After months of controversy and chatter surrounding the film, Blonde has arrived on Netflix and it fails to be as interesting as the conversation around it.
Controversy swarmed for months around Blonde, the latest fictional film inspired by iconic blonde bombshell Marilyn Monroe and based on the novel of the same name by Joyce Carol Oates. However, said controversy was more interesting than the film itself which falls flat from almost every angle and perpetuates damaging myths about an allegedly-infamous Monroe.
Blonde
Directed By: Andrew Dominik
Written By: Andrew Dominik
Starring: Ana de Armas, Adrien Brody, Bobby Cannavale, Julianne Nicholson
Release Date: September 28, 2022 on Netflix
Blonde—the novel and the film—re-imagines the life of Marilyn Monroe. From her volatile childhood as Norma Jeane, through her rise to stardom and romantic entanglements, Blonde attempts to blur the lines of fact and fiction and explore the widening divide between Monroe’s public and private selves. Written and directed by Andrew Dominik, the film boasts a cast led by Ana de Armas and featuring Bobby Cannavale, Adrien Brody, Julianne Nicholson, Xavier Samuel and Evan Williams.

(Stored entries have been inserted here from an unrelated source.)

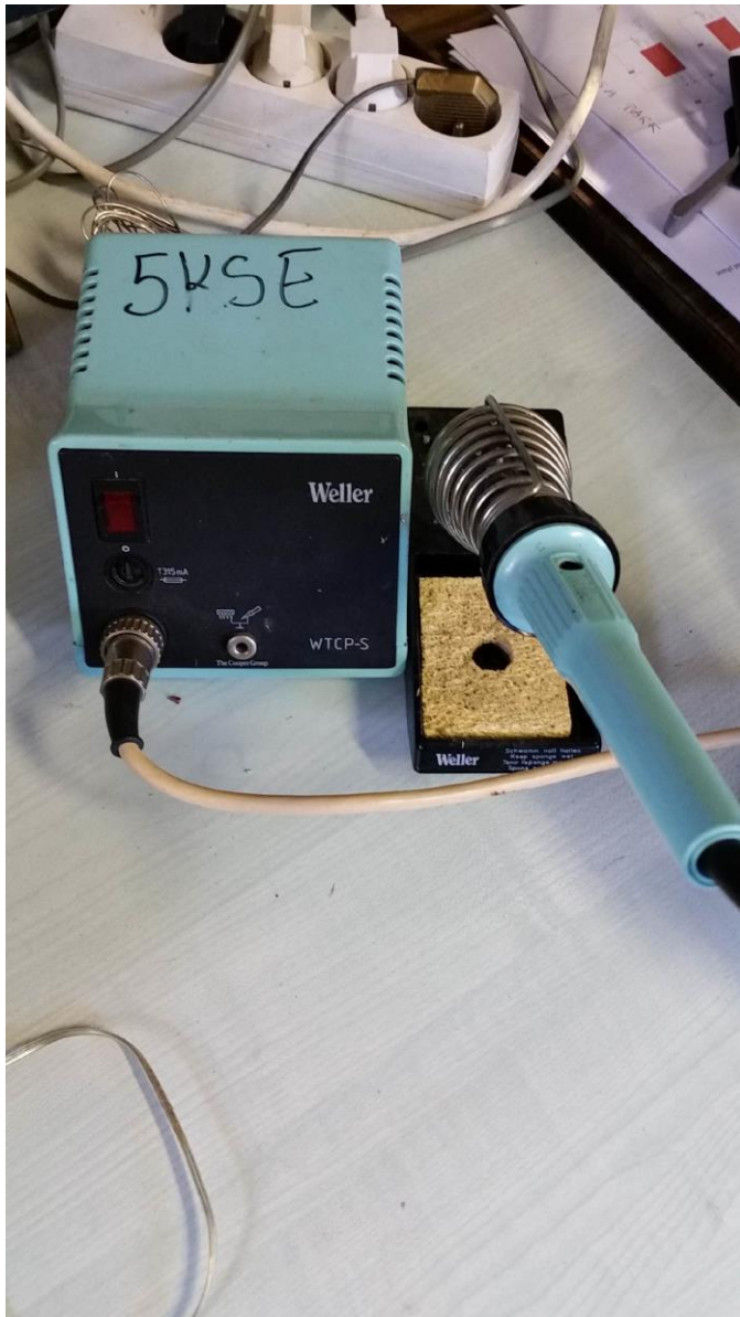
Station de soudure étain Weller
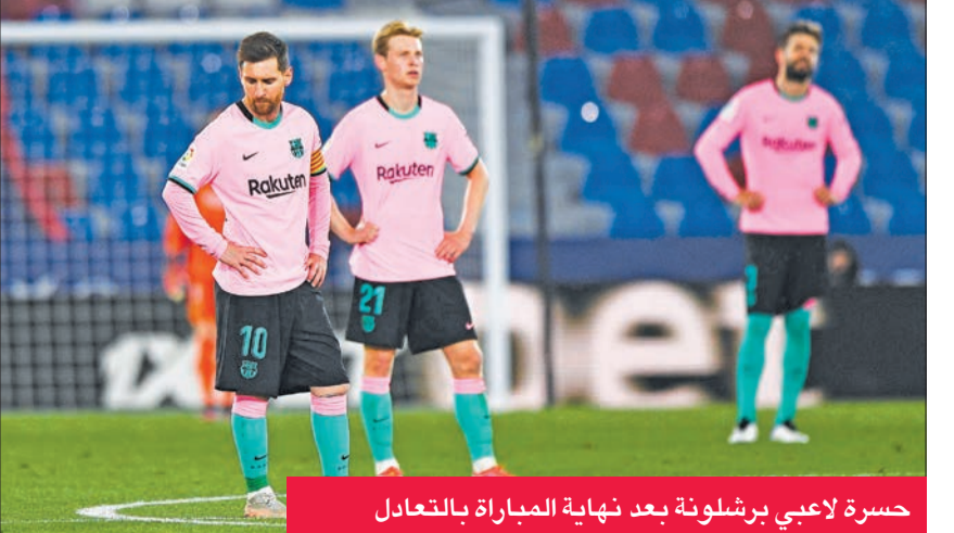
حسرة لاعبي برشلونة بعد نهاية المباراة بالتعادل

وسجل القائد الأرجنتيني ليو نيل ميسي (26) وبيدري (34) والفرنسي عثمان ديمبيلي (64) أهداف برشلونة، وغونزالو ميليرو (57) وخوسيه لويس موراليس (60) وسيرخيو ليون (84) أهداف ليفانتي. وكان برشلونة في طريقه إلى تحقيق فوز سهل عندما سطر
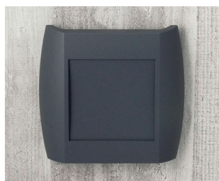
A9092108 DIATEC XS ABS (UL 94 HB) lava 150x37x155mm IP 40
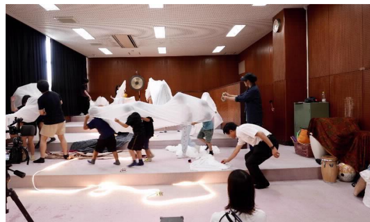
Equity&Justiceを軸としたソーシャルアート コーディネーターの育成（人材育成講座）
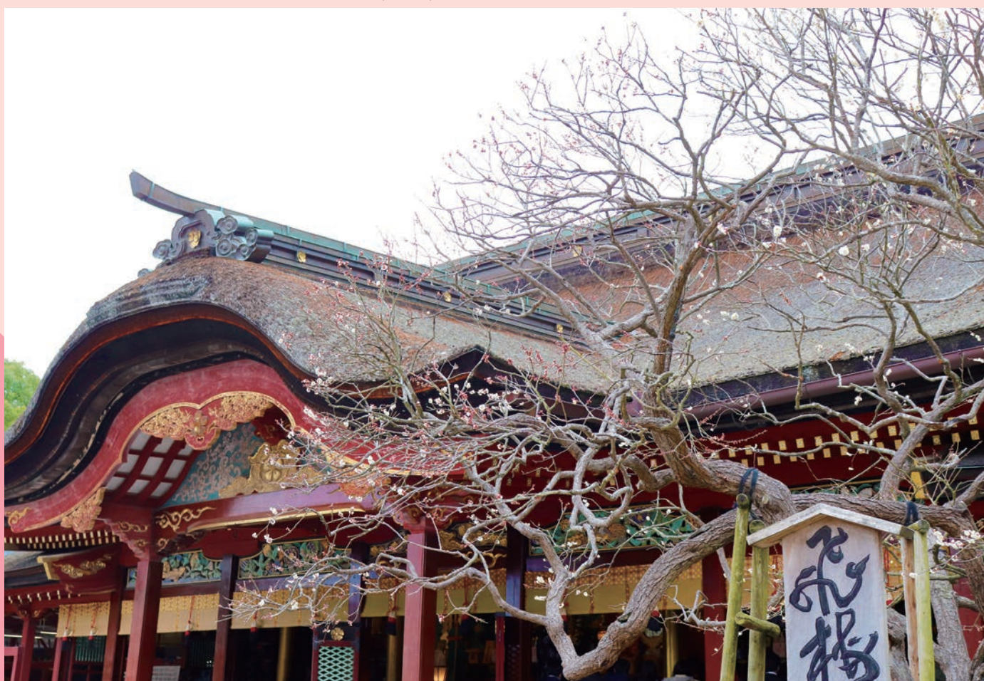
太宰府天満宮 本宮
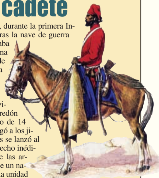
Imagen de un Infernal de Güemes

E l 12 de agosto de 1806, durante la primera Invasión Inglesa y mientras la nave de guerra británica "Justine" cañoneaba el fuerte de Buenos Aires, una imprevista bajante del Río de la Plata la dejó encallada frente a la costa. Al advertirlo, los defensores indicaron a un joven cadete del Regimiento Fijo de Salta que avisara a los Húsares de Puyerradón para atacarla. El muchachito de 14 años hizo más que eso. Arengó a los jinetes patriotas y junto a ellos se lanzó al ataque, protagonizando un hecho inédito en la historia mundial de las armas. El abordaje y la toma de un navío de guerra por parte de una unidad de caballería. Aquel joven cadete se llamaba Martín Miguel de Güemes, futuro líder de la guerra gaucha
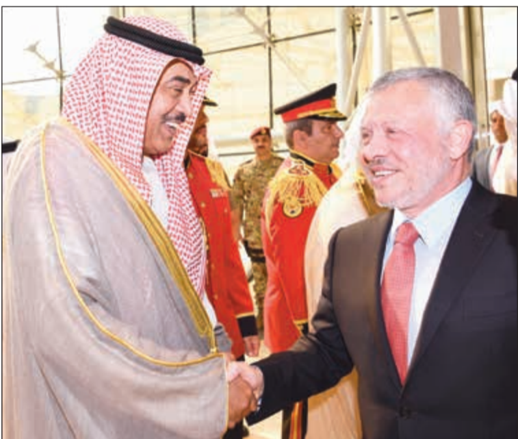
العاهل الأردني مصافحا الشيخ صباح الخالد
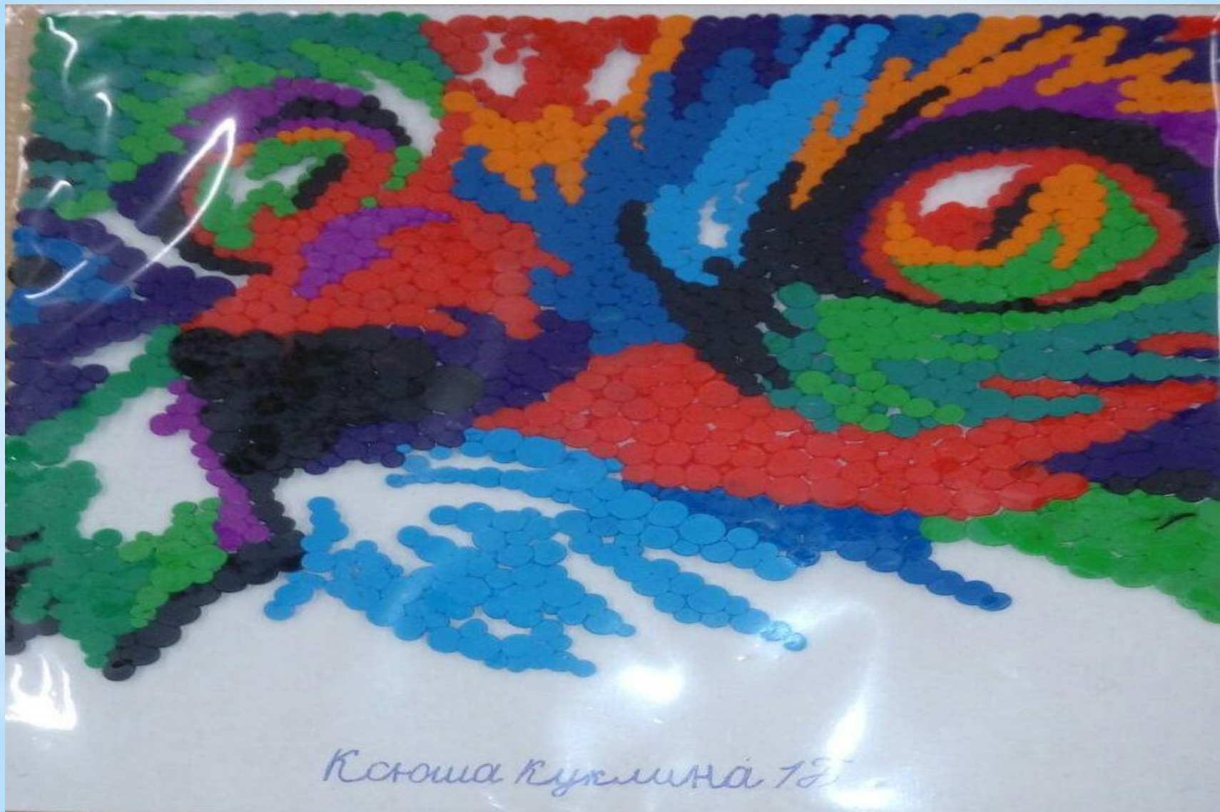
«Задумчивая кошка» - работа Куклиной Ксении 1 Б класс
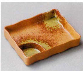
28114-641 伊賀仕切皿 720円 (14.8×11.7×3cm)

While Oates’ novel is poetry, the film is devoid of meaning and resonance. It offers nothing new, nothing exciting, and nothing thoughtful to the already vast world of oft-misguided Monroe media. Put bluntly, the film is essentially Ana De Armas crying for 2 hours and 47 minutes. Although, the cast cannot be faulted; the film does contain an all-star lineup who deliver as best they can.
Certain scenes are unnecessarily invasive and add no substance or interest to the story or viewing experience. They are often just plain vulgar and two-dimensional; a cheap trick. Where Oates’ novel is rich and vivid, the film is a mess of cutting-room floor items and ideas. Throw in sex and abortion and apparently that sums up Marilyn Monroe according to this depiction.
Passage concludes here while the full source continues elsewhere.